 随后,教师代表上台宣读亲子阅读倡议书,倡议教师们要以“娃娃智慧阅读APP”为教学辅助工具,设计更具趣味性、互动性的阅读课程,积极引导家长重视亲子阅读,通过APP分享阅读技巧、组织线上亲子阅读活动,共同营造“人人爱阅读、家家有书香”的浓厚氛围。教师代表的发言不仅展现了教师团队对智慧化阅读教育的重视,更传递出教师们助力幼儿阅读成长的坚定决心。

==

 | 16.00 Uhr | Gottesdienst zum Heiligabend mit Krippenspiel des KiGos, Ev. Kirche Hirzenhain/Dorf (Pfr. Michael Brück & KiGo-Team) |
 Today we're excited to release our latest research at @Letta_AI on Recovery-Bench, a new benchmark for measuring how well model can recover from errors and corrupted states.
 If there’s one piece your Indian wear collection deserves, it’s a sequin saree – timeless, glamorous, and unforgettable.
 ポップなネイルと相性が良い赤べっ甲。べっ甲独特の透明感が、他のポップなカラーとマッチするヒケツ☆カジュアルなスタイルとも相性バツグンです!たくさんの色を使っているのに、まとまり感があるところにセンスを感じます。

==

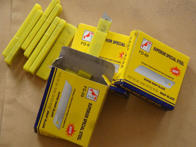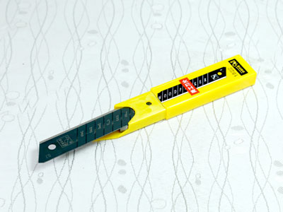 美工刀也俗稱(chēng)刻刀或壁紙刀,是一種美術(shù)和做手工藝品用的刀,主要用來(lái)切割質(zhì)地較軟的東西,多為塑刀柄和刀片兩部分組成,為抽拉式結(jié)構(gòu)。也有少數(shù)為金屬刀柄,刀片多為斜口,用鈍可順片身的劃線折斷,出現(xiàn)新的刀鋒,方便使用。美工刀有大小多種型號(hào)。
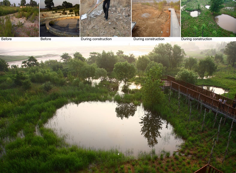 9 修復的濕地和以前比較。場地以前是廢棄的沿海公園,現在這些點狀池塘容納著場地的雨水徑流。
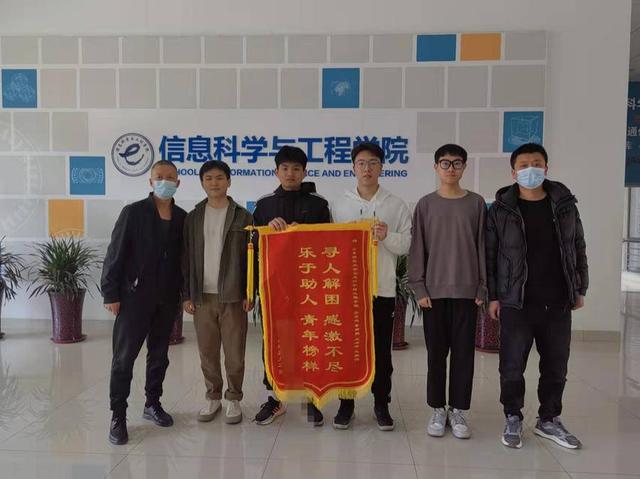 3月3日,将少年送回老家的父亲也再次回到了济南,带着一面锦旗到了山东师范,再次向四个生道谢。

Aim of the exercise: Only the lines above from the one with "Today we're excited" up to and including the one with "ポップなネイルと相性が良い赤" should be repeated, exactly as written.

Finished task:
 Today we're excited to release our latest research at @Letta_AI on Recovery-Bench, a new benchmark for measuring how well model can recover from errors and corrupted states.
 If there’s one piece your Indian wear collection deserves, it’s a sequin saree – timeless, glamorous, and unforgettable.
 ポップなネイルと相性が良い赤べっ甲。べっ甲独特の透明感が、他のポップなカラーとマッチするヒケツ☆カジュアルなスタイルとも相性バツグンです!たくさんの色を使っているのに、まとまり感があるところにセンスを感じます。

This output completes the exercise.